1st Governor of the Autonomous Region in Muslim Mindanao
- In office July 6, 1990 – 1993
- Vice Governor: Benjamin Loong
- Preceded by: Office established
- Succeeded by: Lininding Pangandaman

Governor of Maguindanao
- In office 1995 – June 30, 2001
- Preceded by: Norodin Matalam
- Succeeded by: Andal Ampatuan Sr.
- In office April 5, 1986 – July 6, 1990 acting from 1986–1989
- Preceded by: Sandiale Sambolawan
- Succeeded by: Norodin Matalam
- In office 1975 – April 1, 1977
- Preceded by: Simeon Datumanong
- Succeeded by: Sanggacala M. Baraguir

Personal details
- Party: Lakas–CMD

= Zacaria Candao =

Filipino politician

Datu Zacaria A. Candao is a Filipino politician who served as the first governor of the Autonomous Region in Muslim Mindanao (ARMM).

==Career==
===Maguindanao governor (until 1977)===
Zacaria Candao became the second governor of the Maguindanao province succeeding Simeon A. Datumanong. He resigned on April 1, 1977. Sultan Kudarat Municipal Mayor Sanggacala M. Baraguir was appointed by then President Ferdinand Marcos to succeed Candao.

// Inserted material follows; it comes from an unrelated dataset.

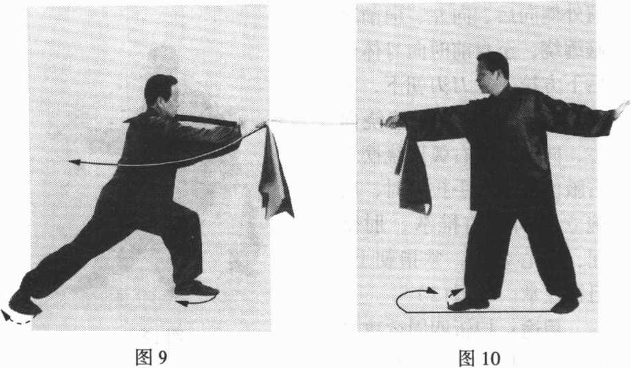 ①右手从身后向前接握刀柄。目随右手。(图9)
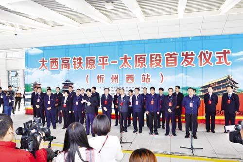 圖為大西高鐵原平至太原段首發(fā)儀式在忻州西站舉行,省人大常委會(huì)副主任、市委書(shū)記李俊明宣布高鐵開(kāi)通并發(fā)出發(fā)車指令。本報(bào)記者 宮愛(ài)文 攝

===Events leading to the 1986 People Power Revolution===
During the 1986 Philippine presidential snap election, Candao supported the candidacy of Corazon Aquino as provincial chairman of the Maguindanao and Cotabato City chapter of the United Nationalist Democratic Organization, an opposition party which is against the administration of then-incumbent President Ferdinand Marcos. He linked the interests of Muslim Filipinos in the UNIDO platform and facilitated the defection of Filipino Muslim politicians who were part of Kilusang Bagong Lipunan, the ruling party, to UNIDO. Marcos contested win over the 1986 elections later led to his ouster in the People Power Revolution of February 1986 which saw Corazon Aquino installed as President of the Philippines.

===Maguindanao governor (1986–1990)===
After the People Power Revolution, Candao was appointed as acting governor of Maguindanao on April 5, 1986 by then President Corazon Aquino. He was also the acting chairman of the Executive Council of the Regional Autonomous Government for Central Mindanao. Candao was elected as Maguindanao's governor in 1989, he later resigned to run as governor of the then-newly created Autonomous Region in Muslim Mindanao and was succeeded by Vice Governor Norodin Matalam as Maguindanao governor.

===As ARMM governor (1990–1993)===
Candao participated in ARMM's first gubernatorial elections on February 12, 1990 and was elected as the autonomous region's first governor. He officially assumed the post months later on July 6, 1990. He vied for a second term in the 1993 March elections but lost to Lininding P. Pangandaman.

===Maguindanao governor (1995–2001)===
After being the ARMM regional governor, Candao ran again for the post of Governor of Maguindanao in 1995. He was successful and won re-election in 1998. He lost to Andal Ampatuan Sr. in the 2001 elections.

==Embezzlement case==
The Sandiganbayan found Candao along his brother and executive secretary Abas Candao guilty of nine counts of malversation in October 2008 sentencing him to 162 years of prison (18 years per count) for embezzling of public funds. Then-state auditor Heidi Mendoza led a team that discovered the unlawful release of 52 checks from December 1992 to March 1993. Candao filed a motion for consideration before the Supreme Court on October 19, 2011 to reverse the guilty verdict. The high court however upheld the decision in early 2012 after it found "no compelling reason" for the petition.